Tipe 4 Hipersensitivitas mengembangkan proses yang menghubungkan Limfosit T dan Monosit dan / atau Makrofag.

Demikian juga, sel T sitotoksik (Tc) menyebabkan afeksi langsung sementara sel T helper (TH1) menyerap sitokin yang mendorong sel T sitotoksik, merekrut dan mengaktifkan Monosit dan Makrofag, yang memiliki tanggung jawab lebih besar dalam proses ini.

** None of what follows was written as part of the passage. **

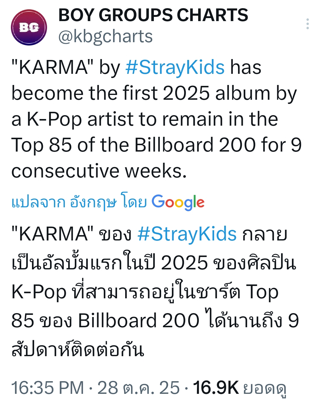 🔥 Stray Kids "KARMA" ครองอันดับ 82 บน Billboard 200 กลายเป็นอัลบั้มแรกของ K-Pop ในปี 2025 ที่อยู่ใน Top 85 ของชาร์ต Billboard 200 ติดต่อกันเป็นเวลา 9 สัปดาห์
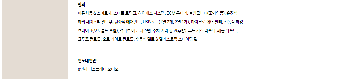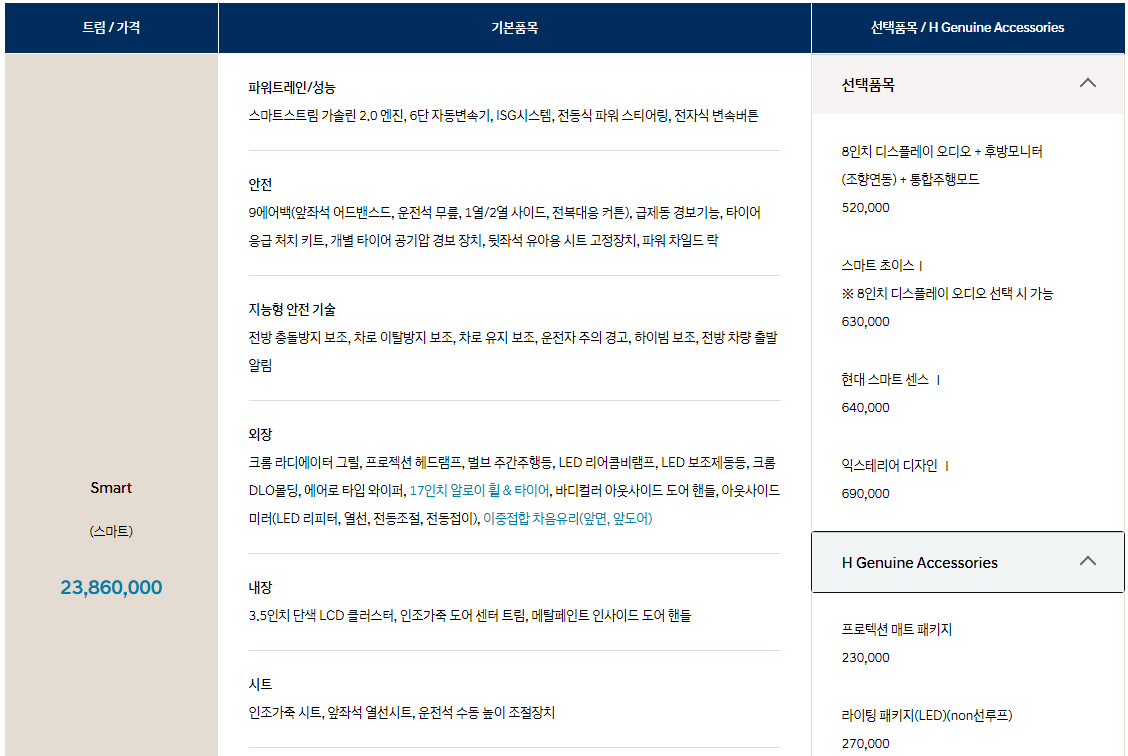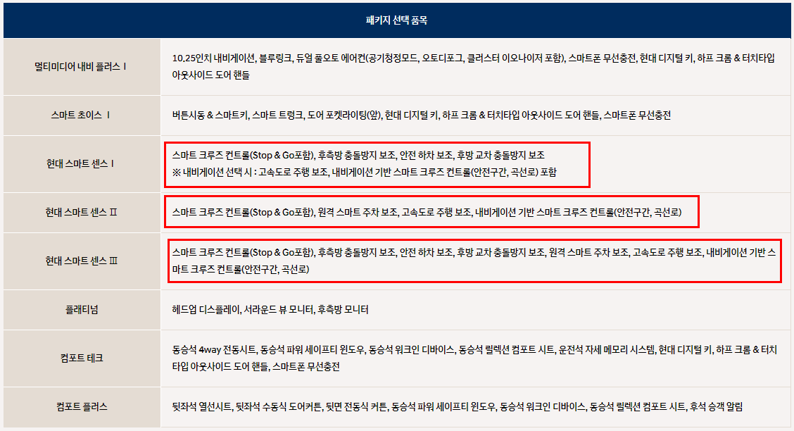 마지막으로 옵션을 선택하기 쉽게 현대자동차에서 제공하는 패키지 선택 품목에 대해서 알아보도록 하겠습니다.

Contoh klasik dari hipersensitivitas ini adalah reaksi tuberkulin (Montoux) yang memuncak 48 jam setelah injeksi antigen yang berasal dari Purified Tuberculin Protein (PPT). Lesi ditandai dengan indurasi dan eritema.

Lesi hipersensitivitas IV pada dasarnya mengandung Monosit dan beberapa sel sitotoksik (Limfokin), terlibat dalam resistensi Hipersensitivitas IV termasuk faktor kemotaksis Monosit, Interleukin-2, Interferon-gamma, Faktor nekrosis tumor (TNF) alfa / beta, dll. .

Tes diagnostik in vivo mengandung resistensi kulit tertunda misalnya tes Montoux dan tes tempel (untuk dermatitis kontak).

Tes atau biopsi untuk Hipersensitivitas Tertunda termasuk respons mitogenik, limfositotoksisitas, dan pembuatan kortikosteroid dan berbagai agen imunosupresif digunakan dalam prosedur ini.